Poco tiempo de conversación con Avelluto me permitió percibir que su sensibilidad, su manera de entender el mundo de la cultura y la política pertenecen al campo de lo que podríamos calificar de progresista. Creo saber de lo que hablo. Me pasé la vida relacionado de diferentes modos y en diferentes refriegas con ese universo, para no distinguir por los gestos, las expresiones, los tonos, la manera de citar autores, la empatía hacia ciertas actividades culturales, a un progresista.
Seguramente desde ese lugar se pensó Avelluto cuando le dijo a uno de los energúmenos que no iba a ser él quien le daría lecciones de democracia. Y acto seguido lo invitó a subir al escenario y hablar, a que hiciera realidad su derecho a expresarse . Error. Estos patanes no fueron a la Feria del Libro a expresarse, a ejercer el don de la inteligencia; tampoco fueron a intercambiar ideas. Su máximo acto creativo, su versión criolla de “la imaginación al poder”, fue pensarse como los protagonistas de la serie “Casa de papel”. Dicho sea al pasar, es muy probable que muchos de ellos estén convencidos de que la canción Bella Ciao que entona el Profesor y sus discípulos, sea una tarantela napolitana o una canzoneta para bailar en carnaval, porque, bueno es decirlo, en esta patanería lo que nunca deja de estar presente es la ignorancia con un toque más que discreto de tilinguería y frivolidad.
A modo de conclusión, digo que no termino de entender la actitud de la escritora Claudia Piñeiro.

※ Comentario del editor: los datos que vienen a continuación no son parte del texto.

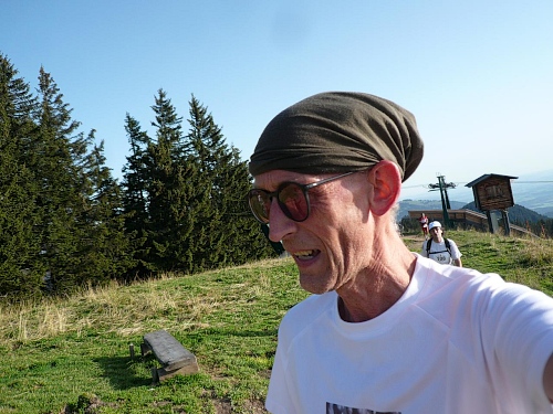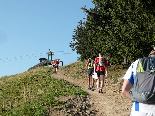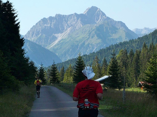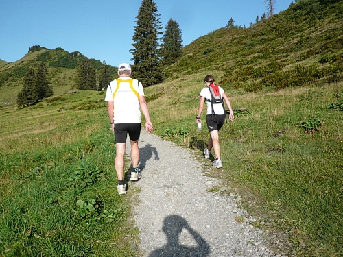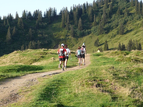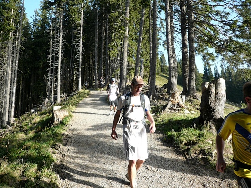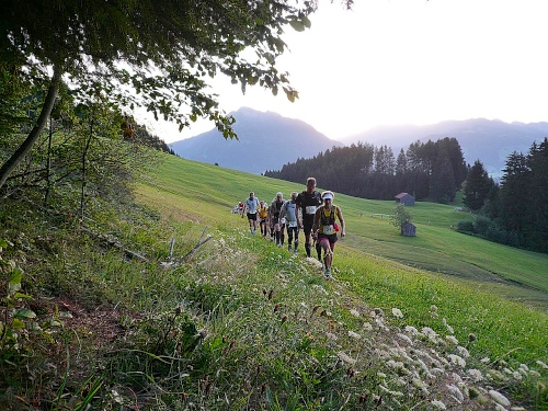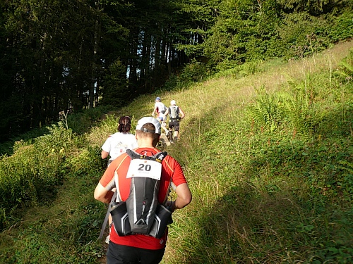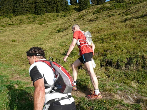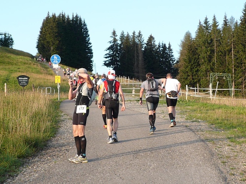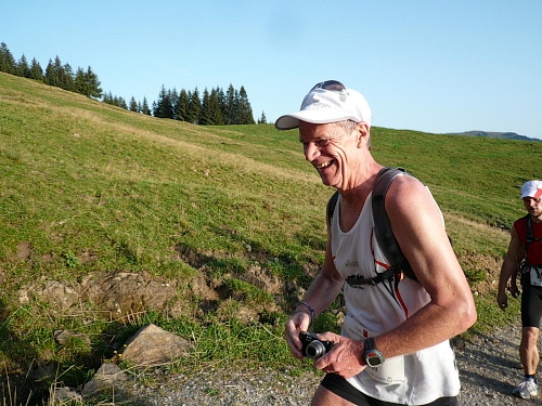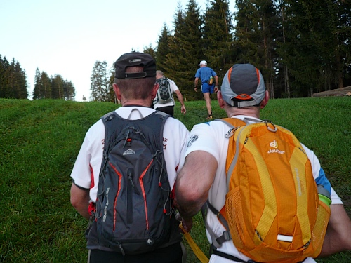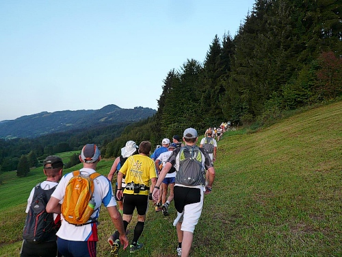 Immer weiter geht es aufwärts, manchmal auf Graswegen. Obwohl die Sonne noch nicht aufgegangen ist, merkt man, es ist auf der Höhe wärmer als im Tal. Und das Gras hat kaum oder keinen Tau. Dann folgt ein kurzer Stich in einem Waldstück, auch auf Wurzeln müssen wir aufpassen. Vor mir läuft Anton Luber, ihr kennt ihn und sein Handicap. Wolfgang Böss begleitet ihn. Richtig taktisch laufen beide über diesen Trampelpfad, der Wurzeln und Steine aufweist. Wolfgang vorne, weist den Anton ein. Und der läuft auf dem schmalen Pfad hinterher, mit einer Hand an Wolfgangs Rucksack, damit er die Richtung nicht verliert. Und beide sind nicht recht langsamer als das laufende Volk.

Ella está en su derecho a discrepar con el proyecto educativo de la ciudad de Buenos Aires, pero no hace falta hacer un curso de Instrucción Cívica para saber que ante una provocación de ese tipo lo que corresponde no es darle la solidaridad a los provocadores, sino repudiar su acto. ¿Miedo a ser tildada de derecha? ¿Oportunismo? ¿Demagogia? No lo sé; pero lo que sé es que lo que le correspondía hacer a una escritora ante un acto de vandalismo contra la cultura era condenar a los vándalos que agredían la cultura, ya que ella no estaba en esa tribuna para opinar sobre el cierre o apertura de los institutos, sino para dar testimonio de la libertad de expresión, el pluralismo y las virtudes del libro, es decir, de todos aquellos valores que los energúmenos con sus actos estaban negando delante de sus ojos.